Microsoft has "apologised deeply" for an Azure Portal outage late Monday March 15, 2021 and said it is working on a permanent fix for the authentication issue that caused it. The incident lasted from 19:00 - 21:00 GMT and saw Office 365, Teams, Xbox Live, Azure Active Directory (AD), and other services fail for millions of customers.
Blaming a cryptographic key rotation system gone awry, Redmond said Azure AD is in a "multi-phase effort to apply additional protections to the backend Safe Deployment Process (SDP) system to prevent a class of risks including this problem", adding "we understand how incredibly impactful and unacceptable this is".
Those efforts will wrap-up mid-2021, Microsoft said in an early Root Cause Analysis (RCA) on its Azure page.
The incident comes after a similar authentication-related outage in September 2020 that lasted 17 hours. European customers also saw a three-hour outage in October, and a 90-minute outage in December.
Microsoft said: "The first phase of those SDP changes is finished, and the second phase is in a very carefully staged deployment that will finish mid-year. The initial analysis does indicate that once that is fully deployed, it will prevent the type of outage that happened today, as well as the related incident in September 2020."
Azure Portal Outage: What happened?
Systems started failing after an error occurred in the rotation of keys used to support Azure AD’s use of OpenID, and other identity standard protocols for cryptographic signing operations.
"As part of standard security hygiene, an automated system, on a time-based schedule, removes keys that are no longer in use. Over the last few weeks, a particular key was marked as 'retain' for longer than normal to support a complex cross-cloud migration. This exposed a bug where the automation incorrectly ignored that 'retain' state, leading it to remove that particular key", an early Microsoft RCA said.
"Metadata about the signing keys is published by Azure AD to a global location in line with Internet Identity standard protocols. Once the public metadata was changed at 19:00 UTC, applications using these protocols with Azure AD began to pick up the new metadata and stopped trusting tokens/assertions signed with the key that was removed. At that point, end-users were no longer able to access those applications.

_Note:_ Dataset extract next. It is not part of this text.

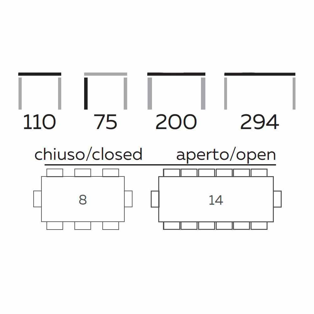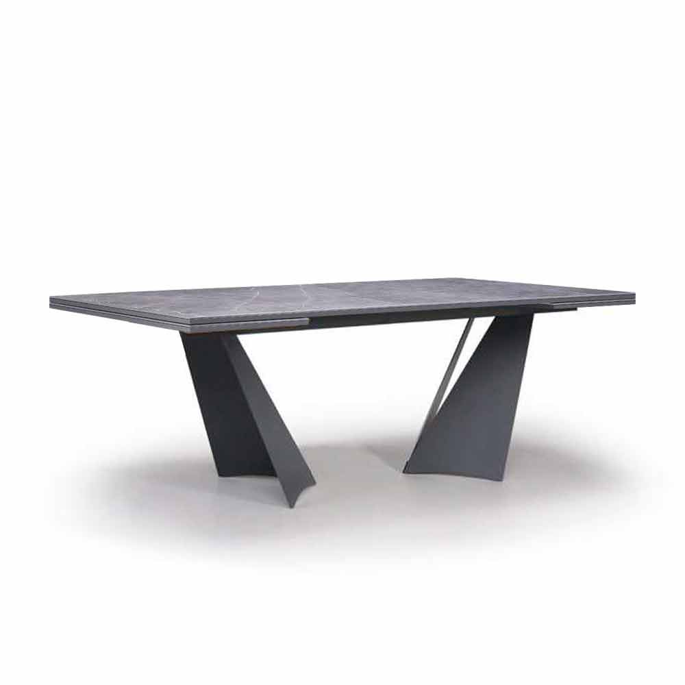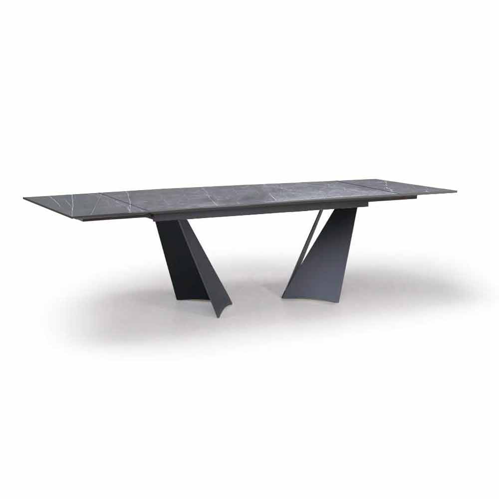 تتميز طاولة الطعامالإيطالية هذه بتصميممبتكر وأنيق بفضل مزيج المواد والتشطيبات المستخدمة، مما يجعلها مثالية للأماكن ذات الطابع العصري والراقي. وتتجلى خصوصية الطاولة بلا شك في هيكلها غير المعتاد للساقين المعدنيين المطليين اللذين لا يرتكزان بالكامل على الأرض، بل على نقطتين فقط، مما يزيد من سحرها. وبفضل شكلها تحديدًا، تبدو القاعدة خفيفة ونحيفة، لكنها في الواقع متينة ومستقرة، إذ لا تتحمل وزن الأرضية المصنوعة من الخزف الحجري ، الذي غالبًا ما يبلغ 2.5 سم (6 مم من الخزف الحجري، و19 مم من ألواح MDF)، والذي يمكن أن يصل طوله إلى 294 سم، بفضل وجود امتدادين قابلين للإزالة بطول 47 سم، مما يسمح باستيعاب ما يصل إلى 14 شخصًا لتناول الغداء والعشاء مع الأصدقاء.
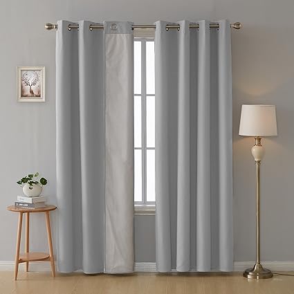 Deconovo Lot De 2 Rideaux Salon Rideaux Occultants Gris Clair Double Face Thermique A Oeillets Isolant Thermique Rideaux Chambre Fille 135x240cm

After rollback, time to mitigation for individual applications varied to the range of server implementations that handle caching differently, Microsoft added, noting that "in [the] September incident, we also referred to our rollout of Azure AD backup authentication. That effort is progressing well. Unfortunately, it did not help in this case as it provided coverage for token issuance but did not provide coverage for token validation as that was dependent on the impacted metadata endpoint."